Einige Teilnehmer treibt die eigene Familiengeschichte dazu an. So auch Mansur Rahimli. „Meine beiden Großväter haben im Zweiten Weltkrieg in der Roten Armee gegen Deutschland gekämpft. Sie haben mir immer wieder davon erzählt. Deshalb wollte ich mehr darüber erfahren.“

„Uns geht es bei diesem Projekt um die emotionale Annäherung an das Thema Holocaust“, sagt Harald Roth von der Herrenberger Sektion des Vereins Gegen Vergessen – für Demokratie, die die Gedenkstätte Tailfingen geschaffen hat. „Normalerweise läuft die Unterrichtung über das Thema in der Schule oder auch bei Führungen durch Gedenkstätten sehr sachlich ab. Das ist ja auch richtig.“ Dank des Kunstprojekts würden sich die Teilnehmer diesem schwierigen Thema jedoch ganz anders nähern.

Gesichter aus Stein

So stand vor Beginn der Kunstaktion ein Kennenlernen des Geländes des ehemaligen KZ-Außenlagers. Auch im Archiv haben die jungen Leute geforscht und sich mit den Schicksalen einiger Häftlinge beschäftigt. Die Geschichte einer jüdischen Familie ist Kseniya Bisoukova und Maria Tschupina, beide aus Weißrussland, besonders ans Herz gegangen. Vater, Mutter und drei Kinder wurden getrennt, erst die Männer und Frauen, später dann auch Vater und Sohn. Dieser landete im KZ-Außenlager Tailfingen.

Wie so eine Familie zerrissen wurde, das dokumentieren die beiden jungen Frauen mit zwei Gesichtern, die sie als Relief aus dem Stein meißeln. Die Skulpturen sollen so aufgestellt werden, dass die Trennung deutlich wird. Am Donnerstag wurden alle Plastiken auf der früheren Landebahn des Lagers platziert. An diesem Freitag um 15 Uhr wird der Skulpturenpfad der Öffentlichkeit vorgestellt.

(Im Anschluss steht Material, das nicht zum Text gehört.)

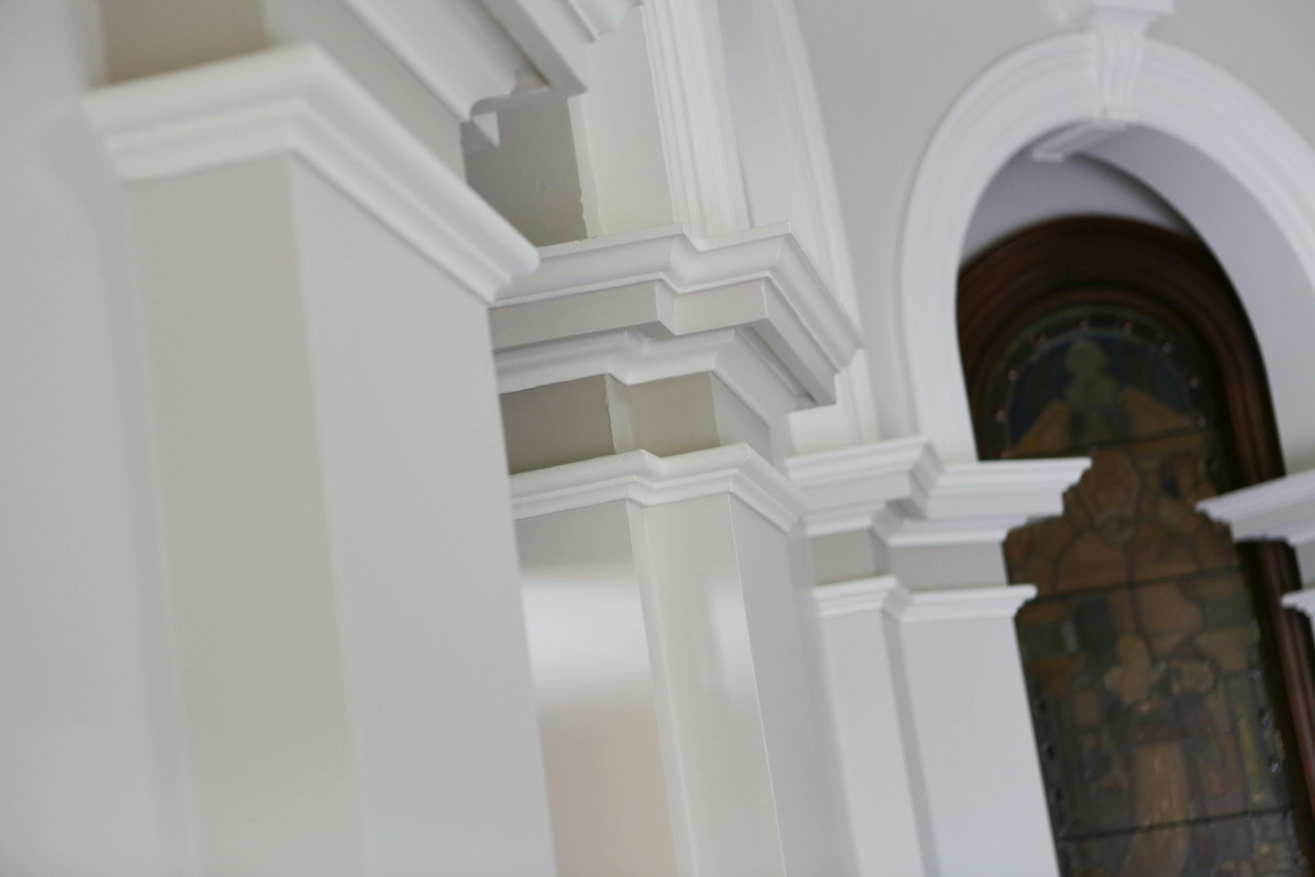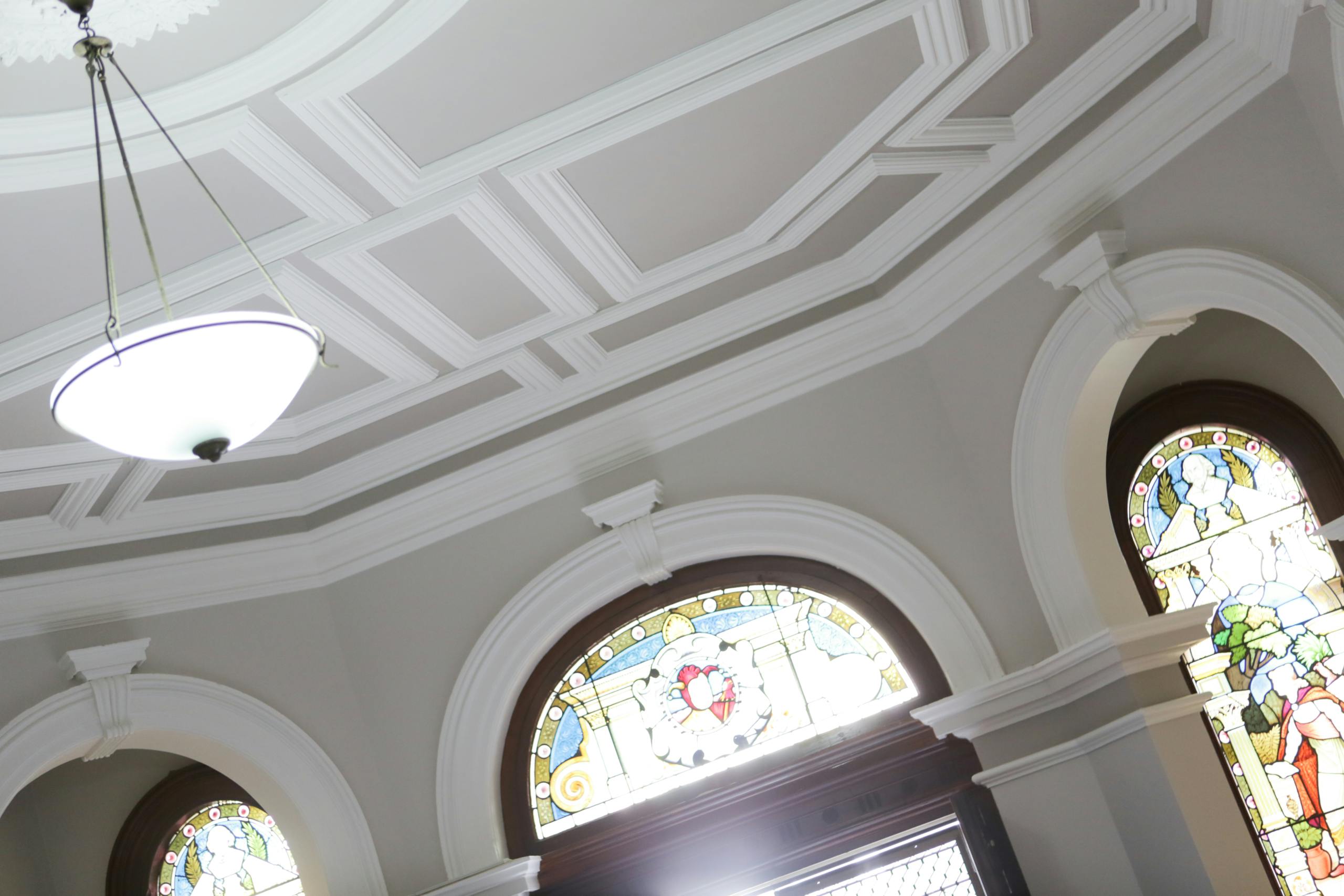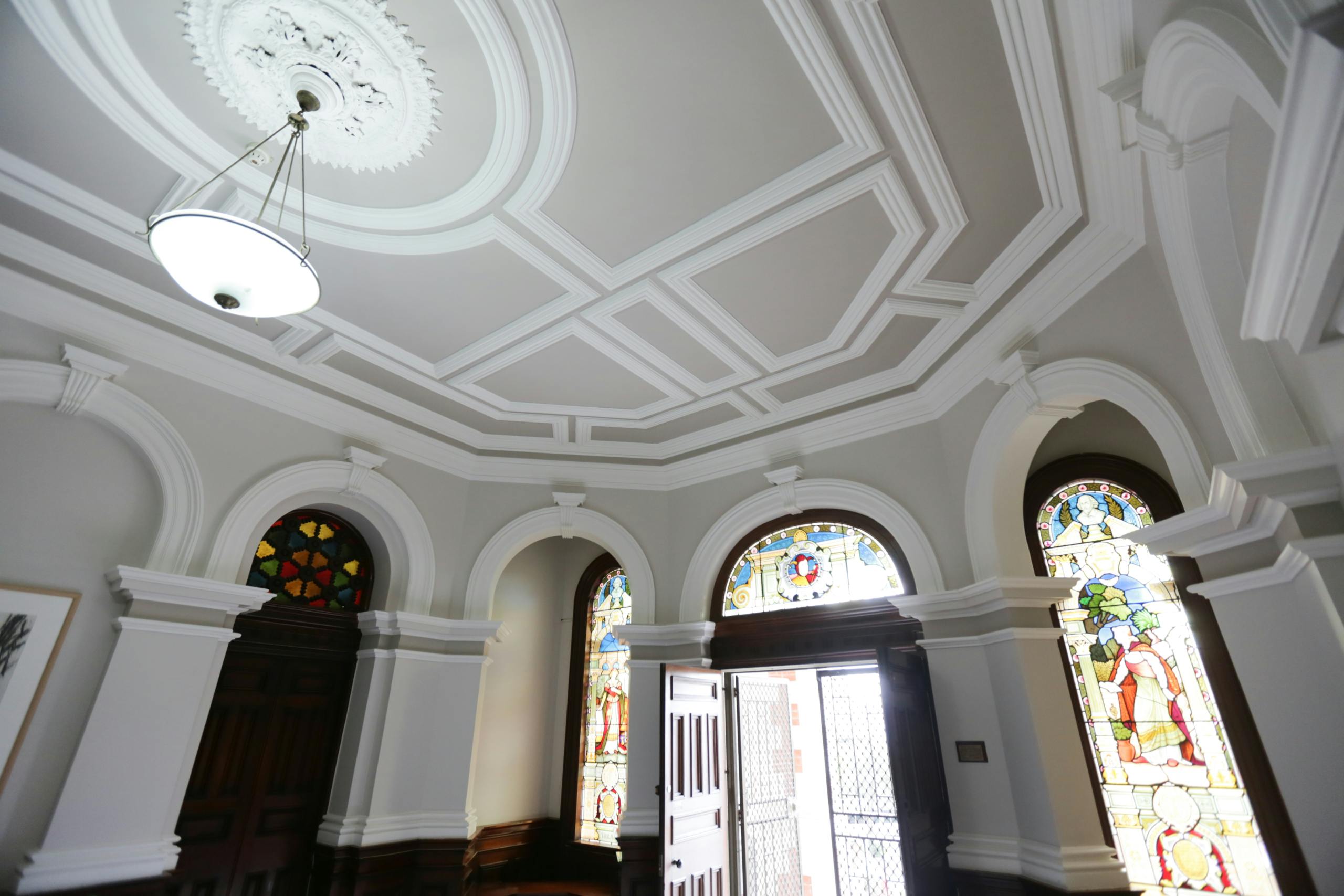 Over the years we’ve provided the school with quotes for different exterior and interior areas. One portion of work completed saw us painting the beautiful and ornate ceilings throughout the main building. Like on all of our many successful jobs we teamed up with a colour consultant from Rochele Decorating to give the client a colour scheme options. The options given were a simple and natural light choose or an option of out of the box. The client chose the out of the box option which resulted in the beautifully contrasted look of creamy white decorative molding against a darer grey. It was a brave choice by the school but the result is a breathtaking display of class which compliments the high ceilings, stained glass elements and dark wooden features.

Im Lager hat es fast 200 Tote gegeben

Von Gerlinde Wicke-Naber 

Gedenkstätte: Die Herrenberger Sektion des Vereins Gegen Vergessen – für Demokratie hat die Geschichte des KZ-Außenlagers Hailfingen/Tailfingen erforscht und die Gedenkstätte eingerichtet. Im November 1944 kamen 601 Häftlinge in das Lager. Sie mussten den Nachtjägerflugplatz Hailfingen bauen und in Steinbrüchen arbeiten. 189 Menschen starben in den drei Monaten, in denen das Lager existierte.

Finanzierung: Die Landeszentrale für politische Bildung finanziert das Workcamp mit einen Zuschuss von 6000 Euro. Die 15 Teilnehmer sind im Vereinsheim des Radsportvereins Frisch Auf Öschelbronn untergebracht – im Matratzenlager mit Selbstverpflegung. Mit dem Rad fahren sie zur Gedenkstätte.